You are using b as your error flag.
In the "everything is good block", try setting b=0;
Additionally, if you do that, you can get rid of the b++; lines, and simply initialize b=1;
You should only be doing b++ if you need to report how many times the user messed up, which I am presuming you don't need?
There are a couple of problems here.
The first is that the return value of scanf() isn't being checked. If input is available then scanf returns the number of variables that were assigned, which can be 0 or 1 in this case (because you're only attempting to assign one variable). If the user enters a non-numeric character then the loop will execute repeatedly without ever waiting for more user input because there's input available but it'll never match your "%d" conversion. If you want to use scanf() then you'll have to check the return value. If the return value is zero then a non-numeric value was entered, which means that you'll have to clear that value out of the input buffer by reading until the end of the line. If the return value is equal to EOF then either an I/O error occurred or you reached the end of the stream. If the return value is 1 then you know that the value was numeric, which brings me to the next problem.
The routine, isdigit(), takes an integer argument, but it expects that integer value to represent a character. Since you're using scanf() to convert the input to an integer, the value stored in a no longer represents a character; it represents an actual number. Because of this, the call to isdigit() will only return a true value if the user enters a number that corresponds to a digit character. In my locale, that means that the validation will only succeed if the user enters a number between 48 and 57, inclusive. If you're using scanf() then the isdigit() check is not necessary because scanf() will return a value of 1 only if the user entered a numeric value.

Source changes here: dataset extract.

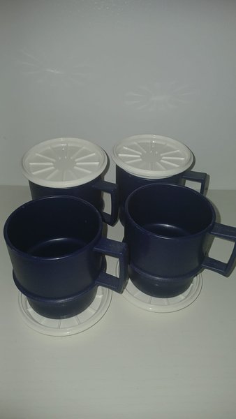 Set med 4 mörkblå muggar. Varje mugg har ett vitt lock. Multimuggar från tupperware

To be honest, however, I wouldn't use scanf() to read in user input if I could avoid it precisely because of the need to flush the input buffer if the user enters something wrong. I'm not entirely sure what your requirements are, but I'll assume that you're supposed to read a positive integer from the command line and that the number of digits doesn't matter.
In this case, you'll probably want to use fgets() to read the user input then use strtol() to convert the value to a signed long integer and perform the validation at the same time:
#include <stdio.h>
#include <stdlib.h>
#include <inttypes.h>
#include <errno.h>
#include <ctype.h>
#include <string.h>
int main () {
long result;
long len;
int is_valid = 0;
char buf[128];
char *arg;
char *end;
while (!is_valid) {
/* Prompt the user for the integer. */
printf("Enter a non-negative integer: ");
if (fgets(buf, sizeof(buf), stdin) == NULL) {
printf("Giving up so soon?\n");
break;
}
/* Verify that the input doesn't exceed our buffer length. */
len = strlen(buf);
if (buf[len] != '\n') {
printf("Input buffer length exceeded - aborting.\n");
exit(1);
}
/* Skip any leading whitespace. */
for (arg = buf; isspace(*arg); arg++);
/* Attempt to convert the argument. */
errno = 0;
result = strtol(arg, &end, 10);
if (errno == EINVAL) {
printf("Please enter a numeric value.\n");
continue;
}
if (errno == ERANGE) {
printf("Numeric value out of range.\n");
continue;
}
/* Check for non-whitespace characters after the end of the integer. */
for (; isspace(*end); end++);
if (*end != '\0') {
printf("Please enter a numeric value.\n");
continue;
}
/* Verify that the number is non-negative. */
if (result < 0) {
printf("Please enter a positive value.\n");
continue;
}
/* The number is valid. */
printf("Excellent!\n");
is_valid = 1;
}
return 0;
}
This isn't perfect; aborting if the input buffer length is exceeded isn't exactly user-friendly. It should take care of the validation problem, however.